🤖 AI Summary
Current high-performance large language models (LLMs) are predominantly closed-source, limiting transparency, reproducibility, and community scrutiny.
Method: This work introduces Instella—a fully open-source, reproducible LLM family—trained end-to-end using publicly available data and code, spanning pretraining, instruction fine-tuning, and human preference alignment. Leveraging AMD Instinct MI300X GPUs, it integrates supervised fine-tuning and reinforcement learning to enhance instruction following and complex reasoning. Crucially, it achieves state-of-the-art performance for a 3B-parameter model with significantly fewer pretraining tokens.

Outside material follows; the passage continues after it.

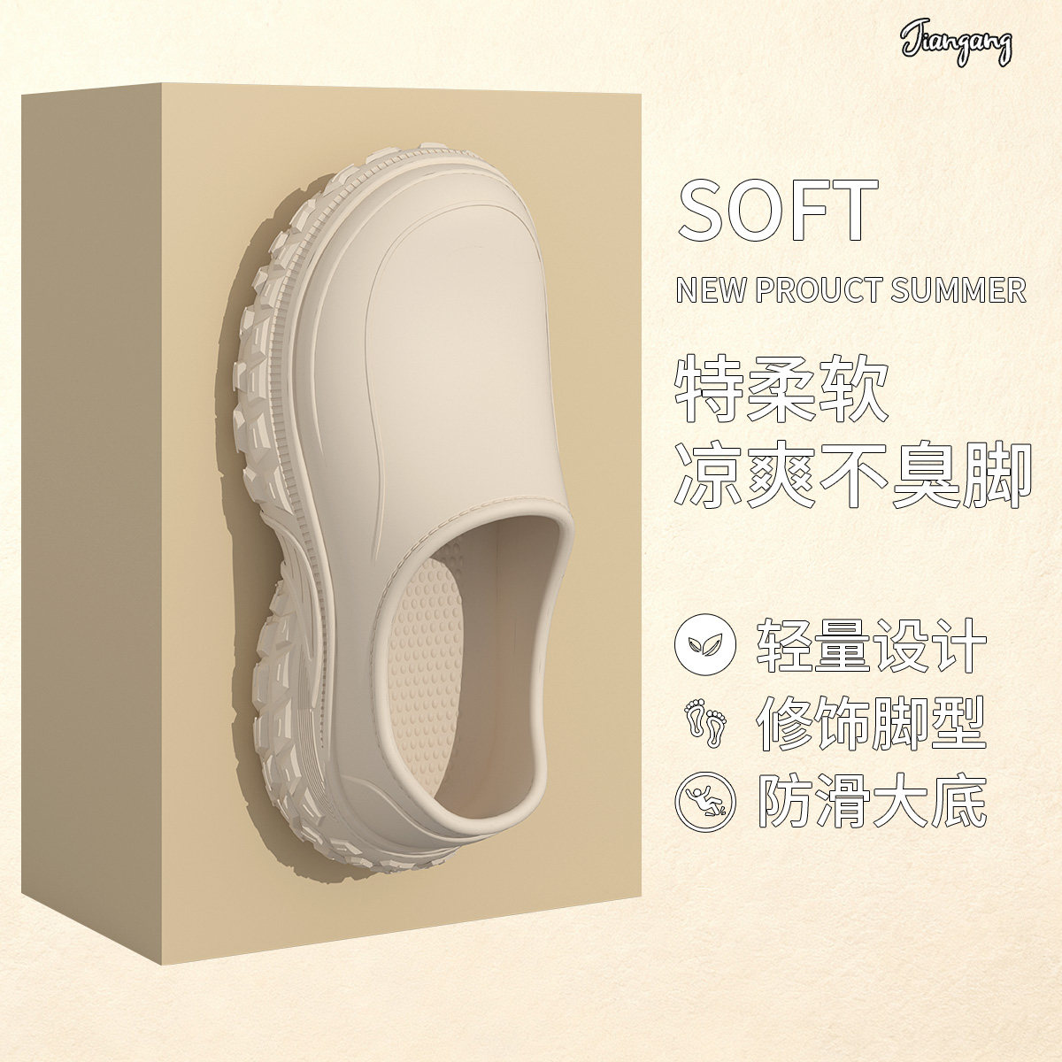 防水厨房工作鞋男凉鞋沙滩春秋防滑耐磨软底包头拖鞋男踩屎感拖鞋

Contribution/Results: Instella sets a new benchmark among open-weight LLMs, delivering superior performance across standard evaluations. It includes specialized variants supporting 128K-context windows and math reasoning optimization. By providing complete openness—from data and training scripts to checkpoints—the project establishes a transparent, reproducible paradigm for LLM research and development.
📝 Abstract
Large language models (LLMs) have demonstrated remarkable performance across a wide range of tasks, yet the majority of high-performing models remain closed-source or partially open, limiting transparency and reproducibility. In this work, we introduce Instella, a family of fully open three billion parameter language models trained entirely on openly available data and codebase. Powered by AMD Instinct MI300X GPUs, Instella is developed through large-scale pre-training, general-purpose instruction tuning, and alignment with human preferences. Despite using substantially fewer pre-training tokens than many contemporaries, Instella achieves state-of-the-art results among fully open models and is competitive with leading open-weight models of comparable size. We further release two specialized variants: Instella-Long, capable of handling context lengths up to 128K tokens, and Instella-Math, a reasoning-focused model enhanced through supervised fine-tuning and reinforcement learning on mathematical tasks. Together, these contributions establish Instella as a transparent, performant, and versatile alternative for the community, advancing the goal of open and reproducible language modeling research.